Security Requirements
Supabase Auth with magic link. RLS on all report and variance tables. Uploaded files stored in private per-user Supabase Storage buckets. Rate limit upload endpoint to 10 req/min per user.
Infrastructure Plan
Vercel for Next.js, Supabase for Postgres and file storage, GitHub Actions for CI, Sentry for errors. Total: ~$105/month at launch.
Performance Targets
50 DAU at launch, 300 req/day. Matching engine under 5 seconds for 5,000-row files. Page load under 2s. No caching needed at launch scale.
Go-Live Checklist
- ☐Security audit complete.
- ☐Payment flow tested end-to-end.
- ☐Sentry error tracking live.
- ☐Variance matching accuracy verified on 5 real test datasets.
- ☐Custom domain with SSL live.
- ☐Privacy policy and terms published.
- ☐5 beta warehouse managers signed off.
- ☐Rollback plan documented.
- ☐LinkedIn outreach to 60 ops managers drafted.
First Run Experience
On first run: two pre-loaded sample CSV files (a WMS export and a physical count) are ready to run as a demo. User clicks Run Demo Report and sees a full variance table with root-cause labels in 15 seconds without uploading anything.
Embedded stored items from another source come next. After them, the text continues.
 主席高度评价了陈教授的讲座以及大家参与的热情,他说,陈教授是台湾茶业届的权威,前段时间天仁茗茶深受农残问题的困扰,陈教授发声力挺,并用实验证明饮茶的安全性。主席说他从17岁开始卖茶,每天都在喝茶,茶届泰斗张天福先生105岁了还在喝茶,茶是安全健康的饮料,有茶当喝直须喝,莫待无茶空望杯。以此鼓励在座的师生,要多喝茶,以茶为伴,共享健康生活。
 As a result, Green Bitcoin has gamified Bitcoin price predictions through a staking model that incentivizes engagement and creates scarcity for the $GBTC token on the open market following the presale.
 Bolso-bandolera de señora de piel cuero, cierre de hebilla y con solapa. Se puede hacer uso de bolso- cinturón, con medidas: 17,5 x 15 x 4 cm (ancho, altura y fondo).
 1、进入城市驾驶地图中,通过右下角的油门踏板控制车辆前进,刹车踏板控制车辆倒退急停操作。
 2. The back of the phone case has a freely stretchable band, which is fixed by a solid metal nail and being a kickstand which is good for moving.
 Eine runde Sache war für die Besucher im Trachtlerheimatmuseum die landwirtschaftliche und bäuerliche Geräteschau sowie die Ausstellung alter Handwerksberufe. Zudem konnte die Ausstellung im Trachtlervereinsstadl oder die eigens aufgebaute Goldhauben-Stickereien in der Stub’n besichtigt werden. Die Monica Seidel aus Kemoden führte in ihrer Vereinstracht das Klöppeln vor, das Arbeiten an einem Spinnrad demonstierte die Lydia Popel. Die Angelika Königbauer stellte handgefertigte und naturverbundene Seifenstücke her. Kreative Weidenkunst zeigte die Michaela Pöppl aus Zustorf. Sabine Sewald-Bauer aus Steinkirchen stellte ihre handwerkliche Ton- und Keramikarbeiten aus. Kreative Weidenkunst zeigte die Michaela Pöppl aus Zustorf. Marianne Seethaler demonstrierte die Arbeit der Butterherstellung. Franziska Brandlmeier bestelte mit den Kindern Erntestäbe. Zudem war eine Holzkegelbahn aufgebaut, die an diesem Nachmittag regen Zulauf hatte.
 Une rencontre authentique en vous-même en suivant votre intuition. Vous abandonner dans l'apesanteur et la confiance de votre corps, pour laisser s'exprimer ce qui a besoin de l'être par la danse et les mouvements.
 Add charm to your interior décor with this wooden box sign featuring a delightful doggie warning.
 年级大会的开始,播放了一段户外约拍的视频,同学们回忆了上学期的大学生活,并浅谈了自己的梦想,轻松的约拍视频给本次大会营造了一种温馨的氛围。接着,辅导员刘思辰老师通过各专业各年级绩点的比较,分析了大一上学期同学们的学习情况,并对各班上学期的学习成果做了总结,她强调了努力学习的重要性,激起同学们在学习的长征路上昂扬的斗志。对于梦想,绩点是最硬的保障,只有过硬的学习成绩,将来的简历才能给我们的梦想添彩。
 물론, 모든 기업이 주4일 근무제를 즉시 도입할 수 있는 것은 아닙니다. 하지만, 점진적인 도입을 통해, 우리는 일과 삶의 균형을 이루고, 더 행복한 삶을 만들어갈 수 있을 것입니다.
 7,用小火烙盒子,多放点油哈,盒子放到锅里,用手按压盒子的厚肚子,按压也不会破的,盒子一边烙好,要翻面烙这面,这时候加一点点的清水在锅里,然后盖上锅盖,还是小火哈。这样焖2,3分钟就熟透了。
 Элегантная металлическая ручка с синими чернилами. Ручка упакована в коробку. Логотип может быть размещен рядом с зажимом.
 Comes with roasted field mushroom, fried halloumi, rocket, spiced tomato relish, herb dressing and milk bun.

No manual config required: demo files pre-loaded, Claude API called with a demo key for the first run.
How to build it, step by step
1. Define Supabase schema for users, reports, variances, and root cause classifications in lib/db/schema.ts. 2. Run npx create-next-app with TypeScript and Tailwind. 3. Build two-file upload UI in app/page.tsx with drag-and-drop using a Supabase Storage upload handler. 4. Build column mapping UI in lib/parse/columnMapper.ts using Papa Parse that auto-detects SKU, qty, and description columns with a manual override step. 5. Build matching engine in app/api/match/route.ts that joins the two datasets by SKU and calculates variance amounts. 6. Build Claude classification call in app/api/classify/route.ts that batches all variances and returns root-cause labels. 7. Build VarianceTable.tsx with sortable columns and dollar-impact ordering using v0. 8. Build PDF export in app/api/export/route.ts using pdf-lib to generate a formatted report. 9. Add Supabase Auth with magic link, RLS on all report tables, and Stripe subscription billing. 10. Deploy to Vercel and verify full journey from two file uploads to PDF report download without any manual steps.
Generated
June 18, 2026
Model
claude-sonnet-4-6
Disclaimer: Ideas on this site are AI-generated and may contain inaccuracies. Revenue estimates, market demand figures, and financial projections are illustrative assumptions only — not financial advice. Do your own research before making any business or investment decisions. Technology availability, pricing, and market conditions change rapidly; always verify details independently.